В распахнутые незашторенные окна врывается солнце. Заниматься шторами поручили мне. Когда-то – всего лишь на прошлой неделе, но мне кажется, что это было тысячу лет назад, – я собиралась зайти в магазин тканей, а потом попросить Молли, мать Ноя, чтобы она помогла мне освоить старинную швейную машинку, которая стояла у нее в офисе. Ной утверждал, что ему понравится все, что я выберу. Я знала, что ему плевать на шторы, но радовалась, что передо мной поставлена важная задача. Таков был наш договор: Ной и его отец, Митч, строят наш дом. Молли помогает мне обустраивать его.

А теперь у меня есть лишь недостроенный коттедж с голыми стенами. Нет, еще с кроватью, на которую мне тошно смотреть. Еще у меня есть ванная без раковины и детский спальный мешок моего умершего мужа.

Глазам больно, я тру их кулаками и смотрю в окно. На стеклах снаружи еще сохранились фабричные наклейки. Я четко, как на фотографии, вижу дом Митча и Молли, ведущую к нему посыпанную гравием подъездную дорожку. Джипа возле дома нет, а вот грузовичок Митча на месте. Значит, они уехали вдвоем. Вчера вечером Митч оставил записку с предложением подвезти меня, но я углядела нечто неправильное в том, чтобы ехать на похороны Ноя с его родителями. Хватит и того, что я живу у них на заднем дворе. Самое меньшее, что я могу сделать, – это повести машину сама.

Торопливо одеваюсь. Вытаскиваю из полупустого чемодана на полу фланелевую рубашку Ноя и застегиваю потертые джинсы, которые последние четыре дня почти не снимала. Сдергиваю ключи с крючка на стене, стараясь отогнать воспоминание о том, как Ной сосредоточенно и радостно его прибивал. И о том, как он мягко напоминал мне, что вещи теряются гораздо реже, когда у них есть свое место.

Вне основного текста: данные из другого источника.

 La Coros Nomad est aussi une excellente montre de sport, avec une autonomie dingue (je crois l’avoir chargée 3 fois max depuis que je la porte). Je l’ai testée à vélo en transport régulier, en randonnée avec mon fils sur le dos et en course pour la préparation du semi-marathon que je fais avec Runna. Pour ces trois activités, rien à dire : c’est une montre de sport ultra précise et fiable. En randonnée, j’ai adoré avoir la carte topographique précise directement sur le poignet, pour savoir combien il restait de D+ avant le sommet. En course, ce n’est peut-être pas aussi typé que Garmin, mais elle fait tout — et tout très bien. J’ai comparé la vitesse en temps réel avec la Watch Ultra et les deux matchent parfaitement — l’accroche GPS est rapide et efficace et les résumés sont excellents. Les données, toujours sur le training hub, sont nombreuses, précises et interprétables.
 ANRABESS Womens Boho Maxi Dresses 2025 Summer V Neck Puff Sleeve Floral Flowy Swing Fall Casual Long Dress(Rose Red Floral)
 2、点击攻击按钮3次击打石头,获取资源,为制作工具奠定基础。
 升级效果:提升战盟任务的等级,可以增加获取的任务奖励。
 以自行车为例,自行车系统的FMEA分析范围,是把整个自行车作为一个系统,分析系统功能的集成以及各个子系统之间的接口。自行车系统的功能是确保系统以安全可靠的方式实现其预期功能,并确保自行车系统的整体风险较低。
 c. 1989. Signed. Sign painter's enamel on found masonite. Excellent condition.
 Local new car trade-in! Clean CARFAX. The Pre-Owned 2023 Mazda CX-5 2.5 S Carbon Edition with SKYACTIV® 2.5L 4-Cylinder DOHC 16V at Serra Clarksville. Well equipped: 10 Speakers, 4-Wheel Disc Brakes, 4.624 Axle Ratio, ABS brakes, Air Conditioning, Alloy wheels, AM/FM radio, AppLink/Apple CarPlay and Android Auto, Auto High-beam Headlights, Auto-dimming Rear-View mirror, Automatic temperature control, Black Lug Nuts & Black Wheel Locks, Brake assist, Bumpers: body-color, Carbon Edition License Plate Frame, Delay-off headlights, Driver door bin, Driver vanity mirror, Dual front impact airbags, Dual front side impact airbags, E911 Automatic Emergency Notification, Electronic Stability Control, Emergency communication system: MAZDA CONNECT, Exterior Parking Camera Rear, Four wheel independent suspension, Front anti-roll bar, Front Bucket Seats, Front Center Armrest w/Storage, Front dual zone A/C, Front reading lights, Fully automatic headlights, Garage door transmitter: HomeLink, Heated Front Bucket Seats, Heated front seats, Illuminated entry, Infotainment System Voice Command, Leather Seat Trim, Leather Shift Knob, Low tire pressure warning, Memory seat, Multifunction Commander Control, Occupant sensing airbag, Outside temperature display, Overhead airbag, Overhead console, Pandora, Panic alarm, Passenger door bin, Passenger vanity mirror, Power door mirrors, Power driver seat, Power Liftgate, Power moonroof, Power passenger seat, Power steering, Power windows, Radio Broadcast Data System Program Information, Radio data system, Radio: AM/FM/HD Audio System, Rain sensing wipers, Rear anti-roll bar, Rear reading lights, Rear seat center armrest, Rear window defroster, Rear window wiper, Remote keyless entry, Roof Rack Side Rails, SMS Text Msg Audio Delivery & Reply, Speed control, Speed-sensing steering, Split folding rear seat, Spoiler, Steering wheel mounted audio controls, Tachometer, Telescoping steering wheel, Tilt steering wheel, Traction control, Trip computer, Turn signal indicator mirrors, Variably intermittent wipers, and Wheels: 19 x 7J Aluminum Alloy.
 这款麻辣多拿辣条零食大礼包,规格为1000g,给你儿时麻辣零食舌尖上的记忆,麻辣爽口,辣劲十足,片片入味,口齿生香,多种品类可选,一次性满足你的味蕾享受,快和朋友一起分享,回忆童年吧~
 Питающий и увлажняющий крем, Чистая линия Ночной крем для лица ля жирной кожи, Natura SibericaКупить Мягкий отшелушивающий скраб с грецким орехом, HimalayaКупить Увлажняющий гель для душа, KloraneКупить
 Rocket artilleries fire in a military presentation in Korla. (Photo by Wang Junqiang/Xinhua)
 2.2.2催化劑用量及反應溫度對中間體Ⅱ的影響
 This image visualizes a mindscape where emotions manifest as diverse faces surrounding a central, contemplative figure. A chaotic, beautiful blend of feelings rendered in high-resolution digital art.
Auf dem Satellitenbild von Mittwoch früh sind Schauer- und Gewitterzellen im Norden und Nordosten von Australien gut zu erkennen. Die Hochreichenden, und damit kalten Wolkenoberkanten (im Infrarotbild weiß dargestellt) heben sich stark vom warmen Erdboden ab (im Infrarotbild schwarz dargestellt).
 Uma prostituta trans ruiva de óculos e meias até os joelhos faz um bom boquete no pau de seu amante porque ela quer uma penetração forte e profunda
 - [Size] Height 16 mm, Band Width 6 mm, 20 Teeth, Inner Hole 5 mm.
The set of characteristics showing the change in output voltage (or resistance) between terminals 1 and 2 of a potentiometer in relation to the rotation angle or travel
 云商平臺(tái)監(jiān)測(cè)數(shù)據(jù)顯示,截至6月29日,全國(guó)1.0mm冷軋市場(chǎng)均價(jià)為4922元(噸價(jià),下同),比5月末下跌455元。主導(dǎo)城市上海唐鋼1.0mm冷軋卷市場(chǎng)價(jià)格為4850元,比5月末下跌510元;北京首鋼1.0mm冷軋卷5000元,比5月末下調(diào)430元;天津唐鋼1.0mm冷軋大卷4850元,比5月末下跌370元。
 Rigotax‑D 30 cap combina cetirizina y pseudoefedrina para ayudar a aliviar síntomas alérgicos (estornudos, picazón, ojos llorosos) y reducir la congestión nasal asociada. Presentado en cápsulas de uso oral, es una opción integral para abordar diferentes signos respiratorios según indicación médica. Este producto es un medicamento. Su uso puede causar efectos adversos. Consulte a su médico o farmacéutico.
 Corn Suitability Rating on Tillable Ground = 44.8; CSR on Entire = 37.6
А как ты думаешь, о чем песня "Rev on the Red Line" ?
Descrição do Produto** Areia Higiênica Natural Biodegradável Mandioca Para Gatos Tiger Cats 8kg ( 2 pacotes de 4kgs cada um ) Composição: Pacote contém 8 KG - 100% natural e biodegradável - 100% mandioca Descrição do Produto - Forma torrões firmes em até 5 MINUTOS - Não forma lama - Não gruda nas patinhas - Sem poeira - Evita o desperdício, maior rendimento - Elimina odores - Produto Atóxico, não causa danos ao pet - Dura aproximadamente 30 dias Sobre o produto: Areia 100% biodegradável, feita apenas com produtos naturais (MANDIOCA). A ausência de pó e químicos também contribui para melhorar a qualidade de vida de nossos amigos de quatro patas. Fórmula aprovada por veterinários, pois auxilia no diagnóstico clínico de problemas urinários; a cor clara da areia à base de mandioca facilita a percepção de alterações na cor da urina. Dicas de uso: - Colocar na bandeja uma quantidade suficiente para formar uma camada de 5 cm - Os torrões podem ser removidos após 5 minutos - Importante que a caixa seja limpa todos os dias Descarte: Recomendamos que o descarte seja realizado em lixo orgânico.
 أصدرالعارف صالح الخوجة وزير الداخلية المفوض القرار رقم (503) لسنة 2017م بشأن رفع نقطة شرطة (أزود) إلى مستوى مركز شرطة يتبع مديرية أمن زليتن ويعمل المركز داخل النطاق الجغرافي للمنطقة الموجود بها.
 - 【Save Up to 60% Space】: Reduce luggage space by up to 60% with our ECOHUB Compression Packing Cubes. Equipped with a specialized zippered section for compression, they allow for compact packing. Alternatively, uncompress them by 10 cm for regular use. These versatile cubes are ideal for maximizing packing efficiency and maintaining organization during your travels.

Воздух снаружи липкий и плотный. В нем чувствуется напряжение, как будто собирается дождь, и мне очень хочется, чтобы он действительно пошел. Но на небе ни облачка, и это нечестно. Сегодня должно быть пасмурно. И солнце должно спрятаться. А оно красуется себе в вышине, гнусно хвастаясь ярким, непрошеным светом.

На противоположной стороне улицы хлопает входная дверь. Миссис Ходжсон ковыляет по расшатанным доскам террасы. Нечесаные волосы торчат в разные стороны, на ногах – толстые шерстяные носки и шлепанцы.

– Бёрди! – сложив рупором морщинистые руки, кричит она, подзывая своего древнего кота, похожего на свалявшийся комок шерсти.

Я представляю, как кот сидит на дереве или забился в какой-нибудь влажный и прохладный уголок под террасой. Представляю, как меняется голос миссис Ходжсон, когда она наконец слышит шорох. Представляю, как на крыльце состоится их радостное воссоединение, и в очередной раз думаю, как же это неправильно – что жизнь продолжается.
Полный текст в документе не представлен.